When my brother died, Mom had no choice but to transfer the responsibility of making choices from him to me. She was incapable of making choices; she wanted someone else to choose so she wouldn’t have to blame herself. (We talked about this near the end of her life, and she pinpointed this trait.) Some choices I made were good, but something was always wrong. She was seriously ill; so I rented an apartment near the college I was attending and used the bit of inheritance from my brother to pay the rent. I got a job. Mom was getting well. Then she found a job which she held for 35 years. But, my choice of a place to live was wrong; so she moved us into the projects to save money. I gave up my job and began drinking.
The hole kept growing, and I had no way of filling it. As I grew into my 20s, I tried to fill the hole with sex. Thank God I could not have children or the tragedy would have grown. My behavior only made the hole grow bigger because people (Mom, aunt, grandmother, friends, etc.) would tell me what a wonderful person I was and then attack my lifestyle and career choices.
Until I was 50 years old, that hole kept growing. A friend named Bill and a good therapist stopped the growth of the hole. Because it was not consuming me any longer, I thought it had gone; I ignored it.
Now, I know that I still have this hole, this gap between what is said and what happens in the past, present and future. I project ways in which this hole is never filled. And, this scares me. I love my partner, and I want my words and my actions to be consistent with that love. But, I need to make the gaping hole inside me smaller in order to maintain that consistency.

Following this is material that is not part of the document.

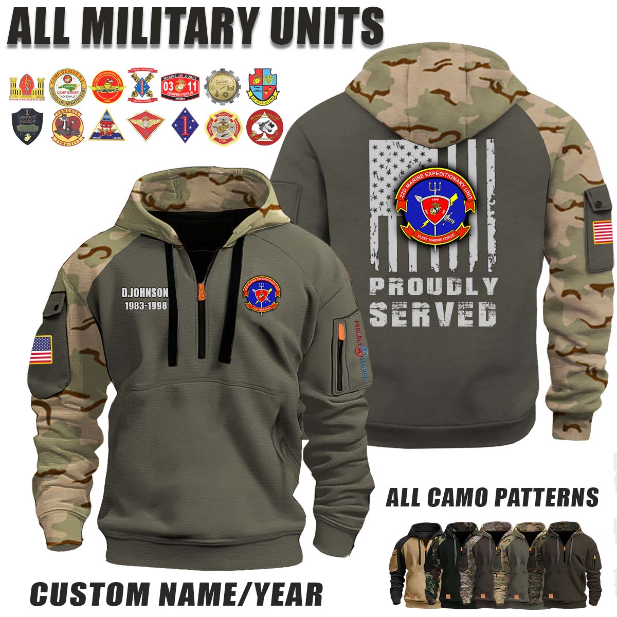 This 22nd MEU 22nd Marine Expeditionary Unit_Camo Halfzip Hoodie lets you customize your Branch, Unit, Role, Rank, and Years Served — so your service, sacrifice, and pride live on.
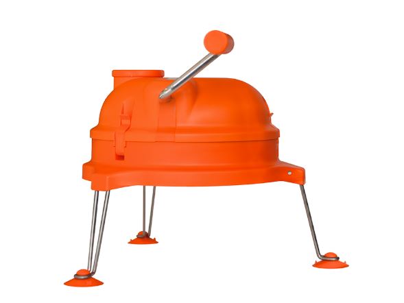 Продукты (овощи, фрукты, сыры, вареное мясо, помидоры) режутся аккуратно. Овощи и фрукты помещаются внутрь овощерезки и слегка придавливаются специальным толкателем, после чего оператор начинает вращать боковую ручку. Нарезанные продукты выходят из отверстия, расположенного с обратной стороны устройства. Прибор оснащен 3-мя металлическими ножками с антискользящими накладками. Корпус овощерезки выполнен из высококачественного полипропилена. Простая и быстрая чистка прибора, дисков или сеток ножа. Dynacube оснащена системой фиксации в виде присосок.

To do that, I need to more understanding, maybe have some ritual cleansing, maybe writing more essays, certainly awareness of times when the hole gobbles up not only food and shopping but also my love.
I need my therapist to help me do this. I need my partner as an ally. I need God to be with me. And, as I pray for my friends, I need their prayers, their love, and their guidance. Together we can make the hole in me, and the hole in others, smaller and smaller. I think that real love and real peace are connected here.